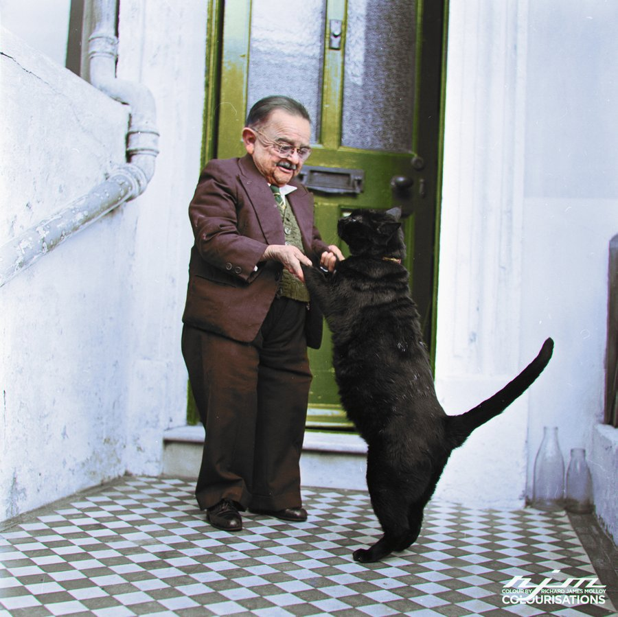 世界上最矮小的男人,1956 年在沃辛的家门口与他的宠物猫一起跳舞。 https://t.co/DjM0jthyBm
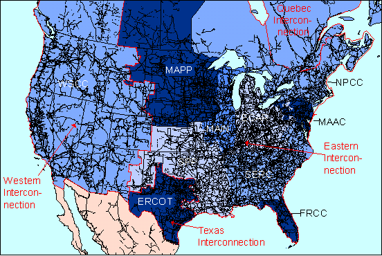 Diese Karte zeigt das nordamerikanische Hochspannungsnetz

==

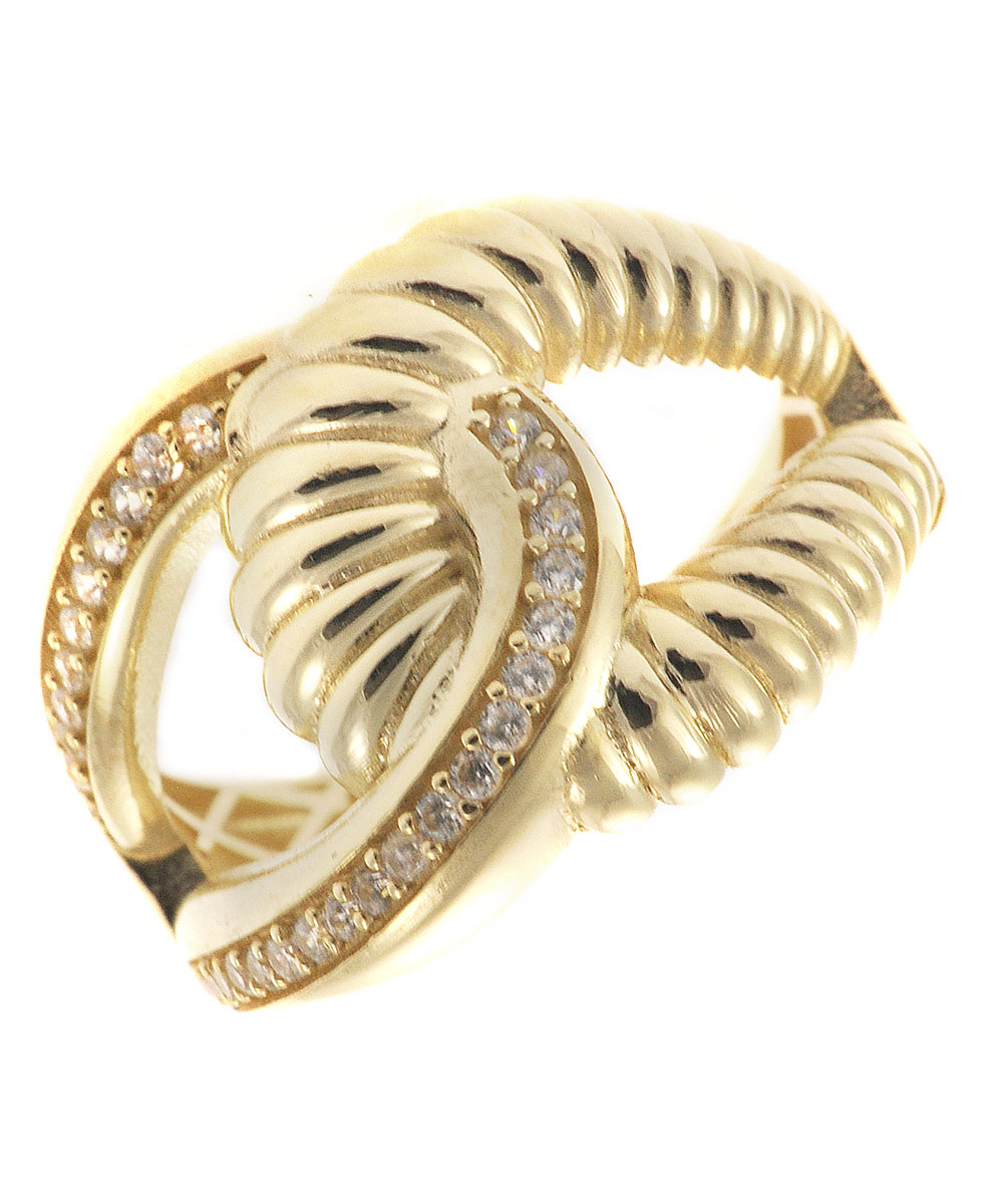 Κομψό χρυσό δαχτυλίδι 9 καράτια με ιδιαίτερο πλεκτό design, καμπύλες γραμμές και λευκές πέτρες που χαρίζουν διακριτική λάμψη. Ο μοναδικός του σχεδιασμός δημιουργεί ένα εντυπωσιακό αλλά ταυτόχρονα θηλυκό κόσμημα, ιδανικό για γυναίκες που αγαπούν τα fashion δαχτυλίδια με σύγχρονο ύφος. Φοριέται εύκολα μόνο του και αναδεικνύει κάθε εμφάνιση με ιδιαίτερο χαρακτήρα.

* _Problem to solve_
In the listing above, find the line holding "世界上最矮小的男人,1956 年在沃辛的家门口与他的宠物猫一起跳舞。 https://t.co/DjM0jthyBm" and the line holding "Diese Karte zeigt". Reproduce those two lines and all between them exactly, leaving out pictures.

* _Answer to this problem_
 世界上最矮小的男人,1956 年在沃辛的家门口与他的宠物猫一起跳舞。 https://t.co/DjM0jthyBm
 Diese Karte zeigt das nordamerikanische Hochspannungsnetz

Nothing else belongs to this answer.